真面目な性格のハクトらしく丁寧かつ法に則った運転で、ややスローペースながら確実に目的に向かって進んでいく。
町を通り抜け主要道路に出て、それから高速道路へ。
合流し、一度流れに乗ってしまえばあとは案内看板通りに進むのみ、ハクトにとっては気楽な運転が続くことになり……段々と余裕が出てくる。
余裕が出てふと隣を気にしてみると、助手席にいたはずのユウカはいつの間にかそこにおらず、気配からするとどうやらグリ子さん達の側にいるようだ。
そこで寝転がりながらお菓子を食べているようで……随分と余裕があるものだとハクトはなんとも言えない気分になる。
「あれ? 先輩、今魔力使いました?」
するとユウカがそう言ってきて……ハクトはユウカが気付いたことに驚きながら言葉を返す。

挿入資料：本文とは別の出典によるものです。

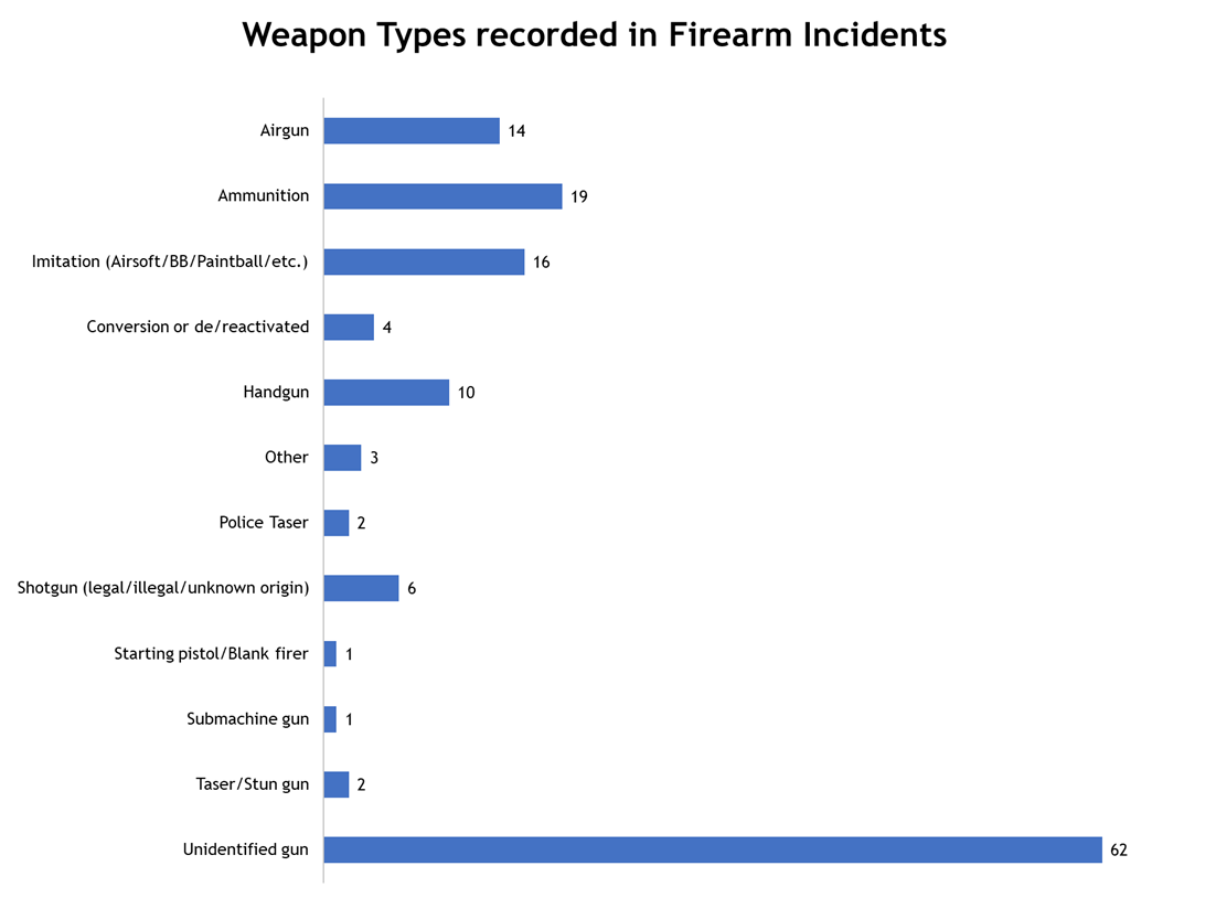 Many incidents involve the use of airguns*, Airsoft, imitation and BB guns, which do not require a licence and may not contain ammunition but are used by perpetrators to capitalise on the fear of victims who believe they are about to be shot. Traumatised victims are often unable to identify the weapons used. It is extremely difficult to distinguish between imitation and live-firing guns unless the weapons are fired and/or recovered, and, for this reason, guns involved in incidents frequently remain unidentified.

「ああ、車内の様子を伺おうとね……運転中もこれくらいは出来るんだよ」
「なるほど……?
っていうか、そっか、魔力を上手く使える人は運転に魔力を使っても良いのか」
「まぁ、そうだね。
教習所ではそういった練習もあって、一定の成果を収めれば免許証に運転中の魔力の使用を許可するとの一文がついて、使っても良いことになるね。
例えば俺の場合は糸での補助が許可されていて、ハンドル操作やアクセルブレーキ、サイドブレーキなどの操作をしても良いことになっているね」
「……え? それって凄すぎません? ここで寝転がりながら運転できちゃうってことですよね?」
「出来はするが、そんなことをするくらいなら普通に運転した方が楽だよ。
余計な魔力と精神力を使ってまでそんな運転をする意味はないだろう?
……というか、そんな運転、一時間もやったら魔力が尽きるんじゃないか?」
「はーん……なるほど。
なんでも楽は出来ないもんですねぇ」
と、そんな会話をしながらも車はスイスイと高速道路を進んでいき……そうしてハクト達は久しぶりの旅行へと出かけたのだった。